- [BRIEF]
Below this line are records; write out exactly the lines from the one containing "Pretty Peach Rose" through the one containing "4、要是你想和真人玩家一较高", with the pictures left out.

- [EXCERPTED DATA]
== Segment start ==

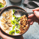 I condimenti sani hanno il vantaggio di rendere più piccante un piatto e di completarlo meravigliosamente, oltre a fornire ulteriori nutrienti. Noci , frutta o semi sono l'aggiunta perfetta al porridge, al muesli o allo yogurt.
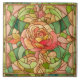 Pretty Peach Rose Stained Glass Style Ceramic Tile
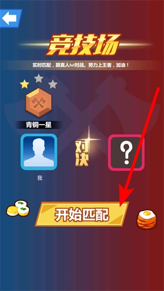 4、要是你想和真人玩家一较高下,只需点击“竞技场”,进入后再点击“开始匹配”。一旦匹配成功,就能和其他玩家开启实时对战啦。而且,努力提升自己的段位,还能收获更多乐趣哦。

== Segment end ==
== Segment start ==

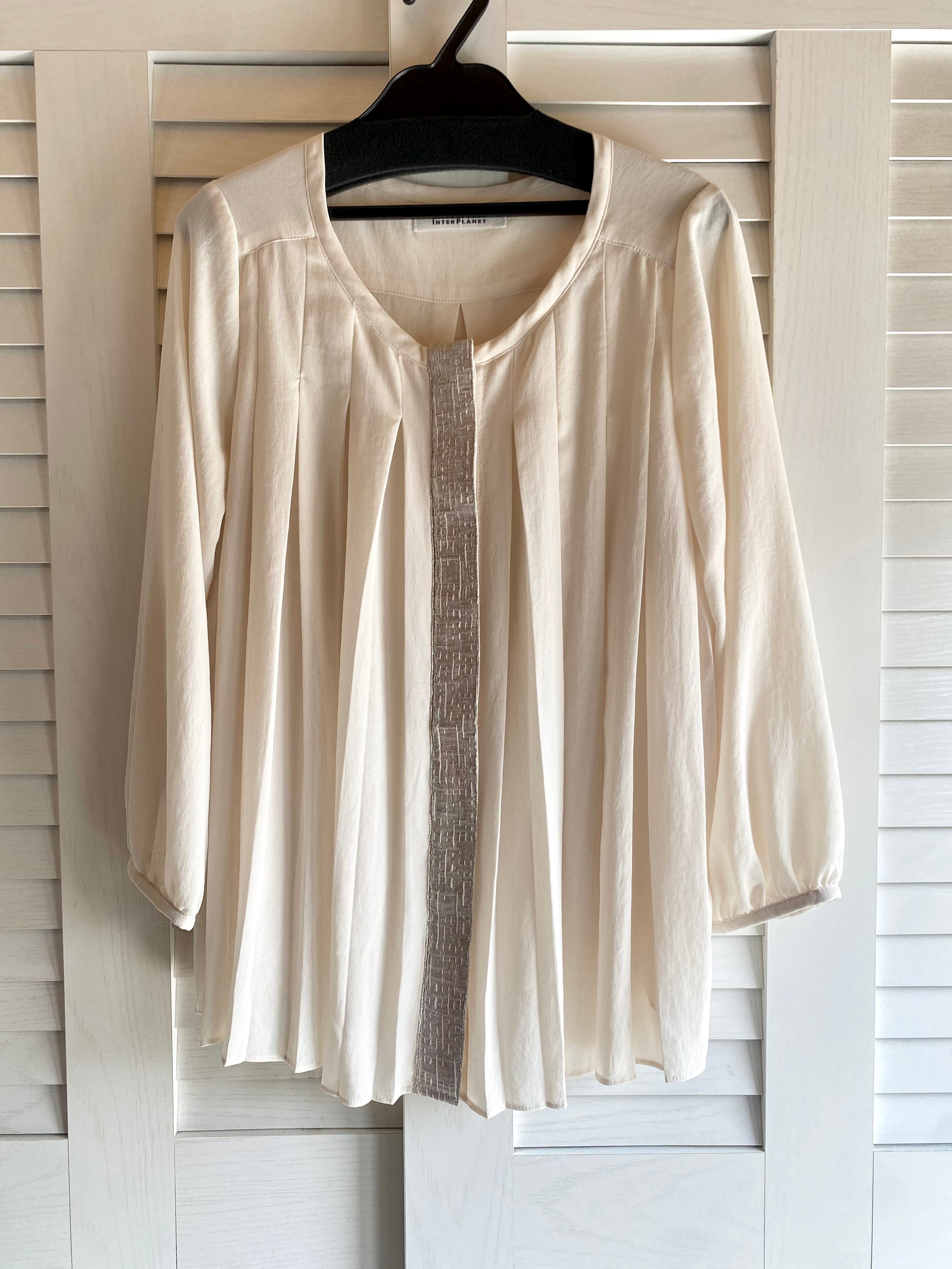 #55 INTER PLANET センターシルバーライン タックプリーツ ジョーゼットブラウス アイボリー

== Segment end ==

- [ANSWER AREA]
 Pretty Peach Rose Stained Glass Style Ceramic Tile
 4、要是你想和真人玩家一较高下,只需点击“竞技场”,进入后再点击“开始匹配”。一旦匹配成功,就能和其他玩家开启实时对战啦。而且,努力提升自己的段位,还能收获更多乐趣哦。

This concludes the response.